AI NOSTRI BAMBINI: “LE PIÙ BELLE CREATURE DEL PIANETA”

(Fabrizio Favini, nonno)

• Se i bambini vivono con le critiche, imparano a condannare.

• Se i bambini vivono con l’ostilità, imparano a contrastare.

• Se i bambini vivono con la paura, imparano a essere apprensivi.

• Se i bambini vivono con il ridicolo, imparano a essere timidi.

• Se i bambini vivono con la gelosia, imparano a provare invidia.

• Se i bambini vivono con la vergogna, imparano a sentirsi colpevoli.

• Se i bambini vivono con la pietà, imparano a commiserare.

• Se i bambini vivono con l’incoraggiamento, imparano a essere sicuri di sè.

• Se i bambini vivono con la tolleranza, imparano a essere pazienti.
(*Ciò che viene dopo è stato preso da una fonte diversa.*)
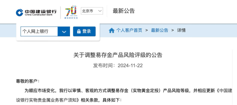其中,11月22日,建设银行公告,将上调易存金(实物黄金定投)产品风险等级为中风险。
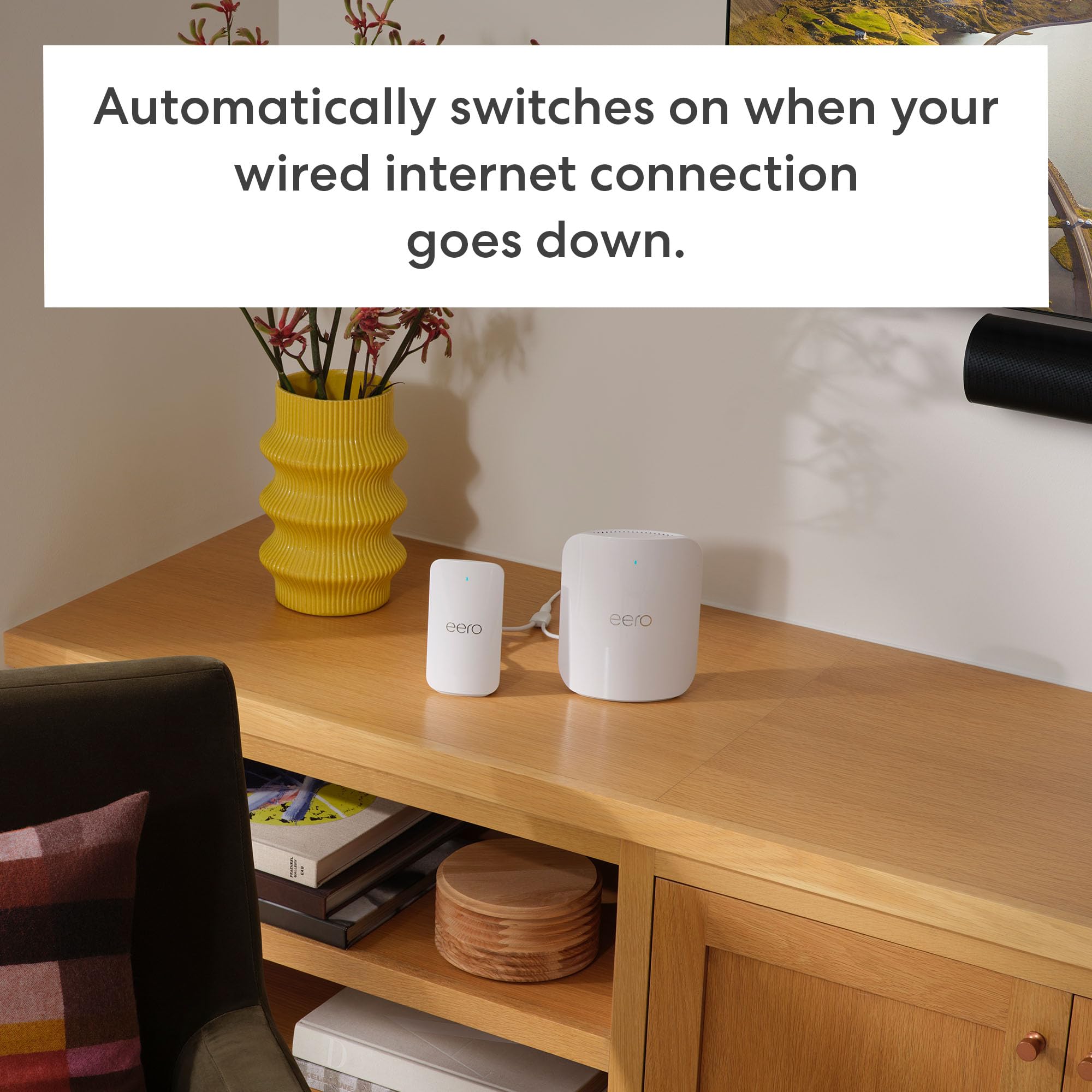 - STAY CONNECTED – eero Signal automatically delivers cellular backup whenever your wired internet connection goes down. Simply connect it to a compatible eero, add an annual eero Plus subscription, and you’re set.

• Se i bambini vivono con la lode, imparano ad apprezzare.

• Se i bambini vivono con l’accettazione, imparano ad amare.

• Se i bambini vivono con l’approvazione, imparano a piacersi.

• Se i bambini vivono con il riconoscimento, imparano che è bene avere un obiettivo.

• Se i bambini vivono con la condivisione, imparano a essere generosi.

• Se i bambini vivono con l’onestà, imparano a essere sinceri.

• Se i bambini vivono con la correttezza, imparano cos’è la giustizia.

• Se i bambini vivono con la gentilezza e la considerazione, imparano il rispetto.

• Se i bambini vivono con la sicurezza, imparano ad avere fiducia in se stessi.

• Se i bambini vivono con la benevolenza, imparano che il mondo è un bel posto in cui vivere.